■ Given data
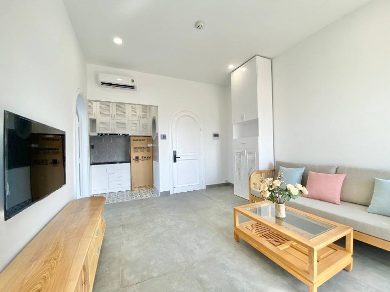1 спальня, кухня-гостиная. Лифт, гараж. Вся необходимая мебель: холодильник, плита, кондиционер, телевизор, интернет. Общая прачечная и сушилка. Уборка раз в неделю. Рядом магазины и кафе. Животные запрещены.
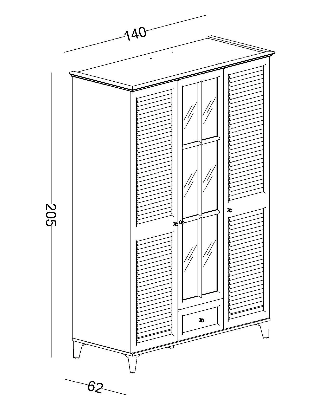 Dimensions 140 × 205 × 62 cm
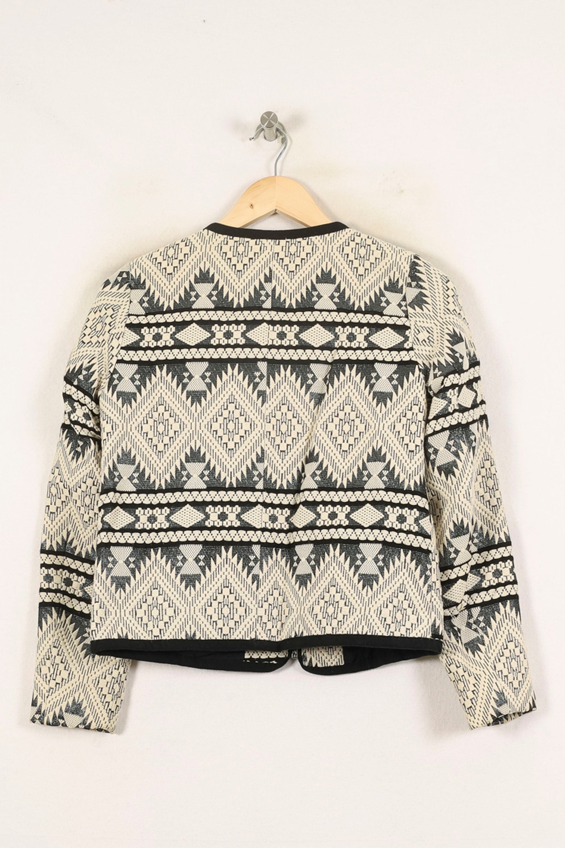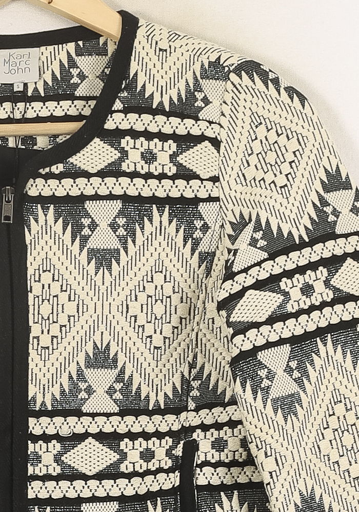Veste femme Karl Marc John, taille S/36, coloris beige, avec motifs géométriques noirs et fermeture zippée sur le devant. La confiserie est confectionnée à partir d'une texture de matière adaptée à l'aspect de la peinture, ce qui fait la différence entre les motifs, les motifs ethniques et les bords noirs contrastants, apportant une touche appropriée de caractère et d'originalité. Rénover un bureau élégant et organiser une soirée pendant la durée du contrat.
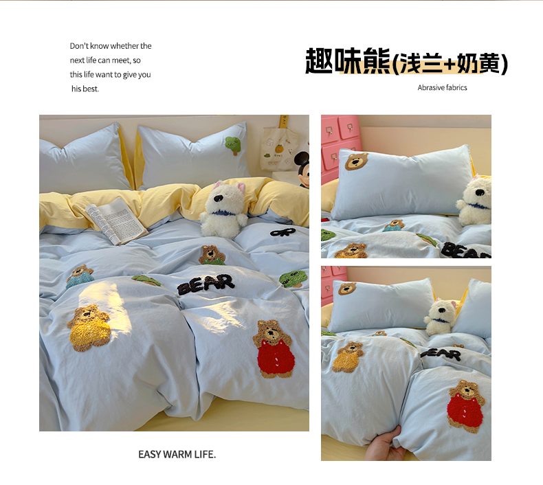 当前位置: 91家纺网 > 商品网购 > 床品套件 > 四件套 > 化纤普通四件套 > 易辰美 2025新款超柔水洗棉毛巾绣四件套 趣味熊(浅兰+奶黄)

■ The problem
What is needed is an exact copy of each line from the top of the data above through the line containing "Dimensions 140 × 205 × 62 cm", with no pictures.

■ Reply
1 спальня, кухня-гостиная. Лифт, гараж. Вся необходимая мебель: холодильник, плита, кондиционер, телевизор, интернет. Общая прачечная и сушилка. Уборка раз в неделю. Рядом магазины и кафе. Животные запрещены.
 Dimensions 140 × 205 × 62 cm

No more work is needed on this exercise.